Nvidia musst du für deine Grafikkarte eventuell nicht machen und anstatt vieleicht den ati oder was auch immer.

Dies vor dem Verlassen der LiveCD rauszusuchen macht auf jeden Fall Sinn, denn da kannst du noch hier in den FAQ etc nachschauen.

Naja heutzutage kenn ich die meisten Befehle davon auswendig, aber es erleichtert dank Copy & Paste alles etwas.

----------

## musv

Und wie immer hier der Tip:

Ting oder SystemRescueCd

Bei Ting sind schon die notwendigen Pakete für 'ne Offlineinstallation dabei. Und die SystemRescueCD hat grad mal 155 mb, basiert ebenfalls auf Gentoo und hat 'ne Menge sinnvoller Sachen drin. 

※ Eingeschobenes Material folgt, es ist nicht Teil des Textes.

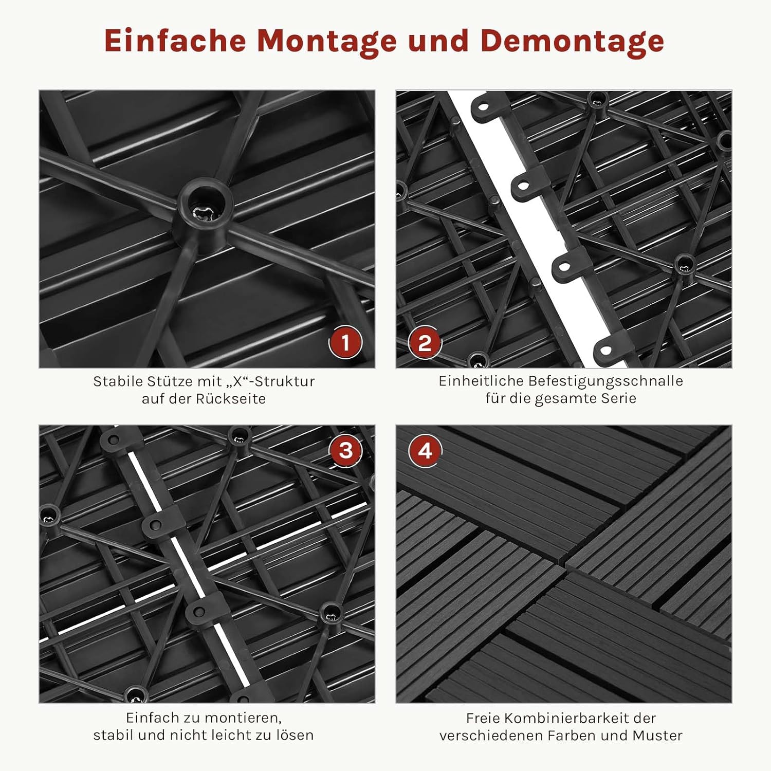 - Robustes, langlebiges Material: Terrassenfliesen besteht aus dem Verbundwerkstoff Wood Plastic Composite,60% Holzfaser und 30% Kunststoff, raue Oberfläche, Haltbar und Umweltfreundlich. Sie sind UV-beständiger als Holz, da sie Feuchtigkeit abstossen

Kurzinstallationsanleitung:

CD booten

Tarball vom Mirrorserver runterladen, entpacken und

Gentoo installieren.

(War das jetzt hilfreich?)

PS:

Voraussetzung.

----------

## fn_dark

Hi und guten morgen,

@Musv

Ja, das ist sehr hilfreich, dadurch das ich am We doch nicht wie geplant dazu gekommen bin die Installation zumachen werd ich gleichmal bei gelegenheit deine Variante ausprobieren! Dadurch das ich e eine RescueCD basierend auf Gentoo haben wollt ist das dann scheinbar die noch bessere Variante.

Ich sag bescheid wenn ich's hinbekommen hab oder nicht! Ist vielleicht für andere auch hilfreich!#

Gruss, Dark

----------